__RECORD EXTRACTS__
=-=-=

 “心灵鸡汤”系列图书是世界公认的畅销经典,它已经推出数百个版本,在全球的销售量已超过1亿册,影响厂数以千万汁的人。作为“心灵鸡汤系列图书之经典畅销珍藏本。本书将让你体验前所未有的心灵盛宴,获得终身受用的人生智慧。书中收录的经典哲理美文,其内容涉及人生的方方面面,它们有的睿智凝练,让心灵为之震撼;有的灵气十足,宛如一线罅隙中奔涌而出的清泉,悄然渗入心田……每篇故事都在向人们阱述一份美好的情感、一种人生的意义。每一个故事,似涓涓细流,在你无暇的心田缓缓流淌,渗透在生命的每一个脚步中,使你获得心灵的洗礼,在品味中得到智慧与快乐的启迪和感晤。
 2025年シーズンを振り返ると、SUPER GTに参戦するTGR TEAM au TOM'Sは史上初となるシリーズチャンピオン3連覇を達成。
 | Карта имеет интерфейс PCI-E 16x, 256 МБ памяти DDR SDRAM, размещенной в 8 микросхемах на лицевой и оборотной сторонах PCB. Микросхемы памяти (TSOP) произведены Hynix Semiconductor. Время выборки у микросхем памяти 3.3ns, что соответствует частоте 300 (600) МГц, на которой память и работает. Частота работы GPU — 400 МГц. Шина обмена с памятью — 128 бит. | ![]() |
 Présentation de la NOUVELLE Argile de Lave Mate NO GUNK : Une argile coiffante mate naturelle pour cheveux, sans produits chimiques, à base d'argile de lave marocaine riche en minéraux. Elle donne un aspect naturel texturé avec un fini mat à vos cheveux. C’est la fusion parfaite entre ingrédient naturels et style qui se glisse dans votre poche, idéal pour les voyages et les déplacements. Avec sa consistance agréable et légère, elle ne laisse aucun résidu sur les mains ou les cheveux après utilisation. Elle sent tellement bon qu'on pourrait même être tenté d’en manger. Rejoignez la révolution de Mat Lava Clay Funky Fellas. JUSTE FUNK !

=-=-=

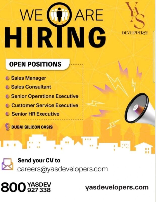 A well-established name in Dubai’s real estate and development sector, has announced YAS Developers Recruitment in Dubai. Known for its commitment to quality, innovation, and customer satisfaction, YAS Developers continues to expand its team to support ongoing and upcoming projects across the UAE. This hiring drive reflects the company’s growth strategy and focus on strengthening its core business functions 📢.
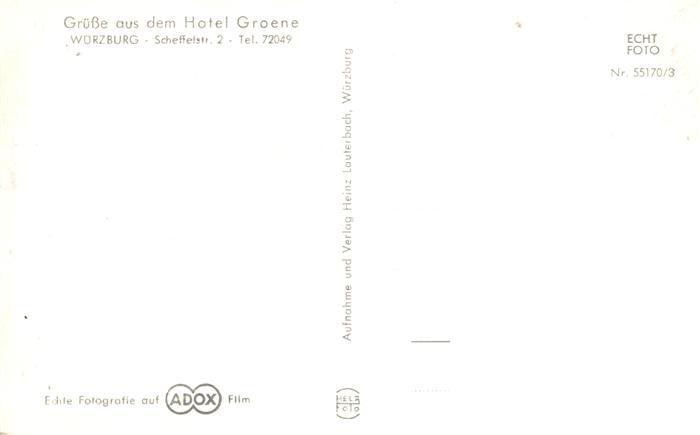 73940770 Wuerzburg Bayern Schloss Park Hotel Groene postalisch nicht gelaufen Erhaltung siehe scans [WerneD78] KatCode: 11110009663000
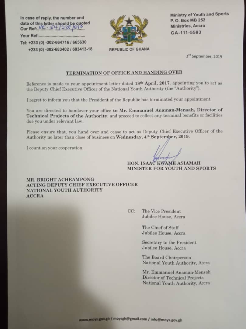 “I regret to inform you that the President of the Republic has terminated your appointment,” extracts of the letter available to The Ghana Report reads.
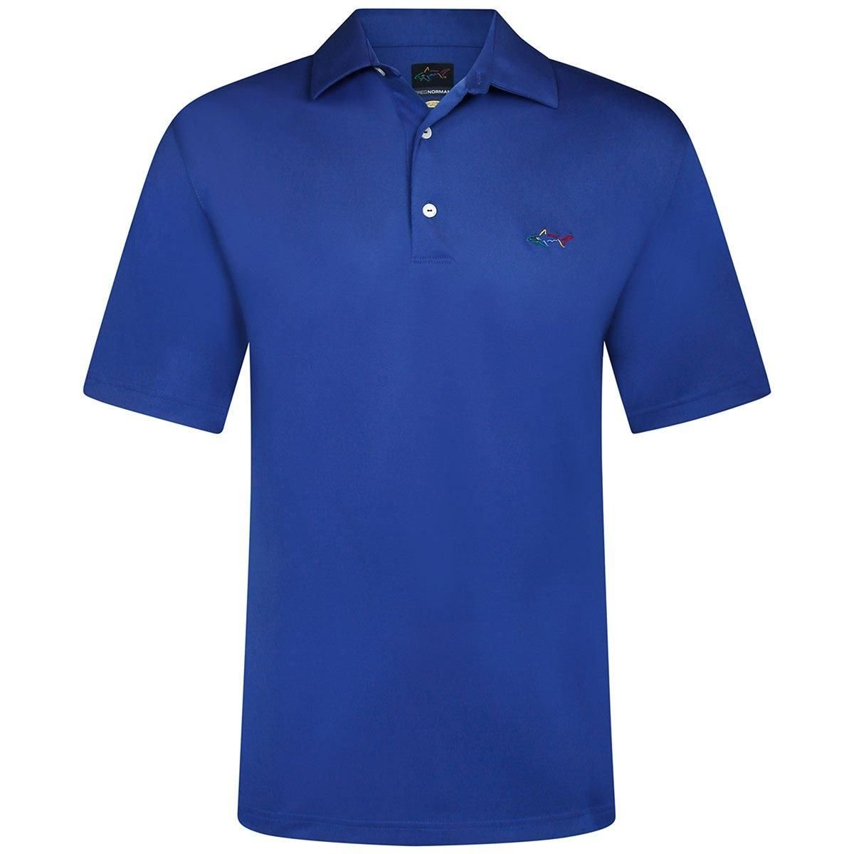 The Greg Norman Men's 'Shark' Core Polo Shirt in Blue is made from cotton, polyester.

=-=-=

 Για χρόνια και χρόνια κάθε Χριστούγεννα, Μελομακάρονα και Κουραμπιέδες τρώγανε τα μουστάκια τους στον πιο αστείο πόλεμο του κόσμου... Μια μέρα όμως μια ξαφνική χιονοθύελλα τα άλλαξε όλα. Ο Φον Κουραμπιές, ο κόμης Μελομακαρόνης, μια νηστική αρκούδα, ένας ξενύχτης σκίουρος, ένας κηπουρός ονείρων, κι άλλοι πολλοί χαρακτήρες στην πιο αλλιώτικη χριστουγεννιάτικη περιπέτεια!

=-=-=

Leaving out each picture, repeat exactly the lines above from the one that contains "A well-established name" through the one that contains "The Greg Norman".

 A well-established name in Dubai’s real estate and development sector, has announced YAS Developers Recruitment in Dubai. Known for its commitment to quality, innovation, and customer satisfaction, YAS Developers continues to expand its team to support ongoing and upcoming projects across the UAE. This hiring drive reflects the company’s growth strategy and focus on strengthening its core business functions 📢.
 73940770 Wuerzburg Bayern Schloss Park Hotel Groene postalisch nicht gelaufen Erhaltung siehe scans [WerneD78] KatCode: 11110009663000
 “I regret to inform you that the President of the Republic has terminated your appointment,” extracts of the letter available to The Ghana Report reads.
 The Greg Norman Men's 'Shark' Core Polo Shirt in Blue is made from cotton, polyester.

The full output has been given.